#!/usr/bin/env python
# coding: utf-8

# # The HFM library - A fast marching solver with adaptive stencils 
# 
# ## Part : Algorithmic enhancements to the fast marching method
# ## Chapter : Sensitivity in semi-Lagrangian schemes

# <!---The HFM library provides a variety of metric classes : isotropic, Riemannian, Rander, asymmetric quadratic, defined by a Hooke tensor, and more.--->
# 
# This notebook illustrates automatic differentiation with anisotropic metrics, and requires specific computational techniques in comparison to the isotropic case.
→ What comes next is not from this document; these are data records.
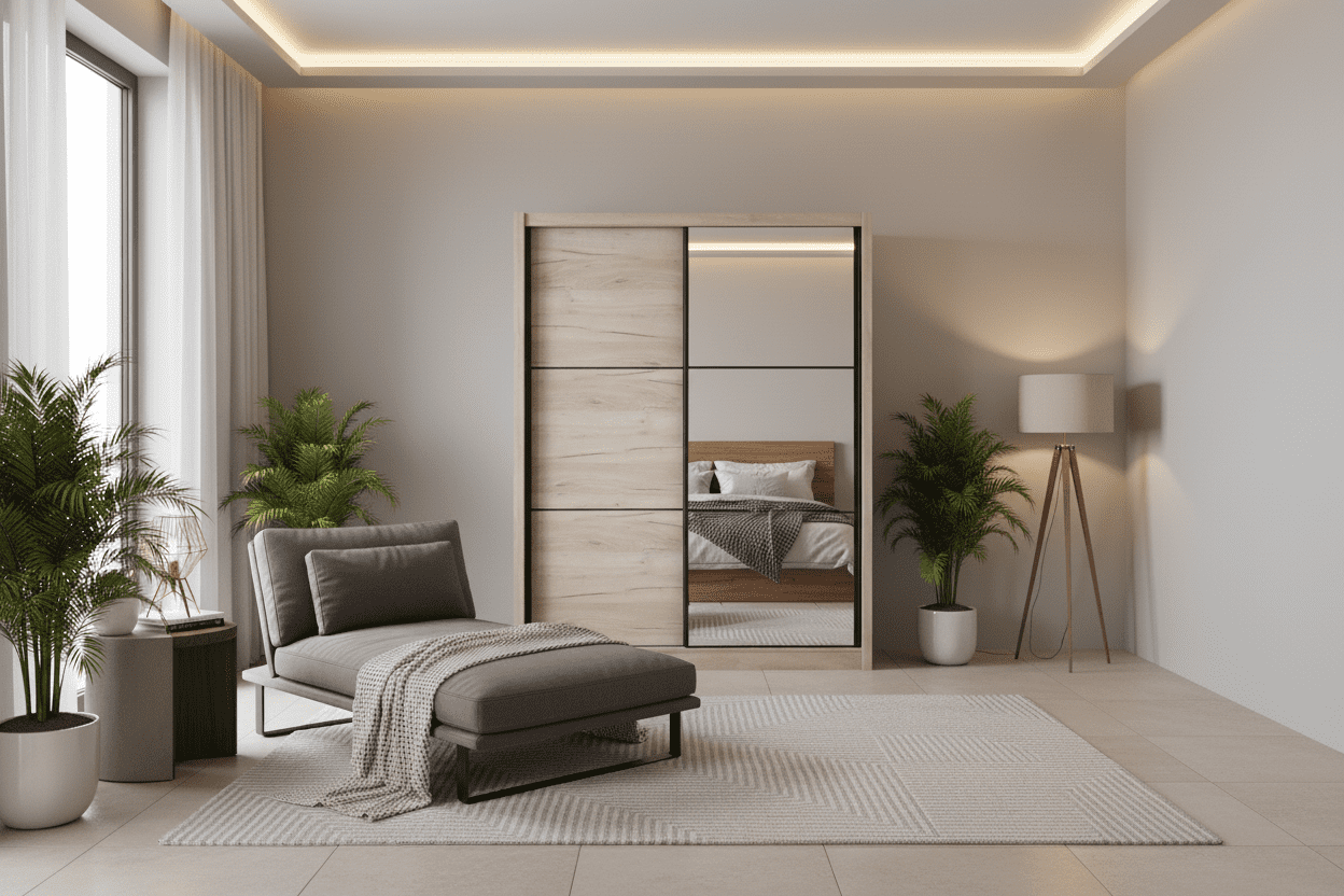 The mirrored door not only adds a contemporary design feature but also eliminates the need for a separate mirror—making it a practical and stylish choice for any bedroom layout.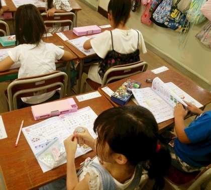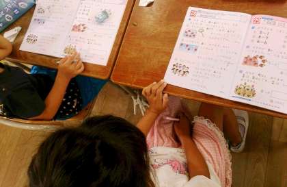 1年生の算数では、ドリルを使って「もんだいづくり」に取り組んでいます。子どもたちは、先生に質問したり、自分でいろいろな言葉をつぶやいたりしながら課題に取り組んでいます。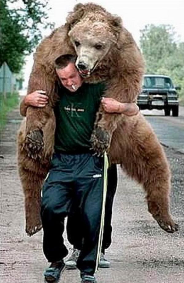 Удушающий сзади против медведя работает на 101%, спереди похуже — всего 10% из ста)
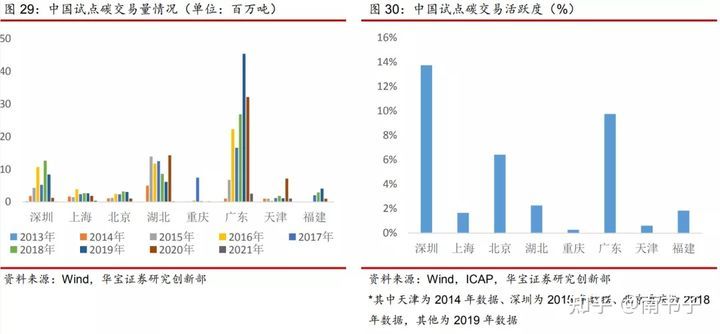 从价格上看,当前,全球碳排放价格处于上升趋势,各碳市场的碳价差别较大。据华宝证券,欧盟碳市场碳价最高,中国试点碳交易市场价格最低。华宝证券称,我国试点碳价历史最高点为122.97元/吨(深圳),最低点为1元/吨(重庆);欧盟EUA碳配额现货碳价历史最高点为47.91欧元/吨(折合人民币约380元/吨),最低点为2.68欧元/吨(折合人民币约22元/吨)。截止4月29日,我国碳试点碳价为 5.53-42.02元/吨之间(其中深圳碳市场碳价最低,为6.44元/吨,北京最高,为47.6元/吨),而同一天,欧盟EUA 碳配额现货结算价为47.91欧元/吨(折合人民币约380元/吨),为我国碳试点碳价的9-68倍。

We illustrate here their foundations and usage.
# For that purpose, we are dependent on an implementation detail - semi-Lagrangian implementation - that is usually transparent to the user. 
# 
# The methods presented in this notebook apply to the following HFM models : `Rander2`, `AsymmetricQuadratic2`, `Seismic_`, `SeismicTopographic_` as well as `Isotropic_`, `Diagonal_`.
# The underscore stands for $2$ or $3$. For two-dimensional Riemannian metrics, use `Rander2`.
# 
# **Eulerian vs Semi-Lagrangian schemes.**
# The HFM (Hamiltonian Fast Marching) library takes its name from a family of Eulerian schemes based on a specific representation of the Hamiltonian, which are particularly efficient for Riemannian metrics and curvature penalized metrics, see:
# * Jean-Marie Mirebeau, Jorg Portegies, "Hamiltonian Fast Marching: A numerical solver for anisotropic and non-holonomic eikonal PDEs", 2019 [(link)](https://hal.archives-ouvertes.fr/hal-01778322)
# 
# However, other classes of metrics (such as Rander, asymmetric quadratic, or hooke tensor defined), require a different approach. In their case, we rely on an adaptive semi-Lagrangian scheme, in the spirit of 
# * Mirebeau, J.-M. (2014). Efficient fast marching with Finsler metrics. Numerische Mathematik, 126(3), 515–557. [link](https://hal.archives-ouvertes.fr/hal-00736431)
# 
# **Semi-Lagrangian schemes** are discretizations of the eikonal equation 
# $$
#     F_x^*(\nabla u(x)) = 1
# $$
# in the following form which is closely related with Bellman's optimality principle
# $$
#     u(x) = \min_{y \in S(x)} F_x(x-y) + I_{S(x)} u(y),
# $$
# where $S(x)$ the *stencil* is a polygonal neighborhood of $x$ whose vertices are grid-points, and $I_S$ denotes piecewise linear interpolation.
# The equality is imposed at all points of the discrete or continuous domain. In addition, adequate boundary conditions are imposed on the domain boundary, usually of Dirichlet and of outflow type.
# 
# **The geodesic flow.**
# The minimizer $y_*(x) \in S(x)$ in the semi-lagrangian discretization of the eikonal equation has a geometrical interpretation: $v_*(x) = x-y_*(x)$ approximates the direction of the minimal geodesic passing through $x$, referred to as the geodesic flow direction. This data it is optionally exported by the HFM library, after normalization, under the name `geodesicFlow`.
# 
# <!---
# Said otherwise, one has $V(x) \approx v_*$, where 
# $$
#     \gamma'(t) = V(\gamma(t)) \quad V(x) = \nabla F_x^*(\nabla u(x))
# $$
# --->
# 
# **The envelope theorem.**
# Under suitable assumptions, one can differentiate the value of an optimization problem w.r.t. parameters, using the so-called envelope theorem: the extremizer variation can be ignored at first order.
# 
# Said otherwise, if the metric depends on a small parameter $\epsilon$, then
# $$
#     u(x;\epsilon) = F_x(v_*(x);\epsilon) + I_{S(x)}u(y_*(x);\epsilon) + o(\epsilon).
# $$
# 
# As a result, if two parameter dependent metrics $F$ and $G$ obey
# $$
#     F_x(v_*(x); \epsilon) = G_x(v_*(x); \epsilon) + o(\epsilon),
# $$
# at all discretization points $x$, then they produce identical first order perturbations of $u$.
# The HFM library takes advantage of this fact to simplify computations, but for that purposes needs the geodesic flow direction $v_*(x)$ to be computed in a preliminary step.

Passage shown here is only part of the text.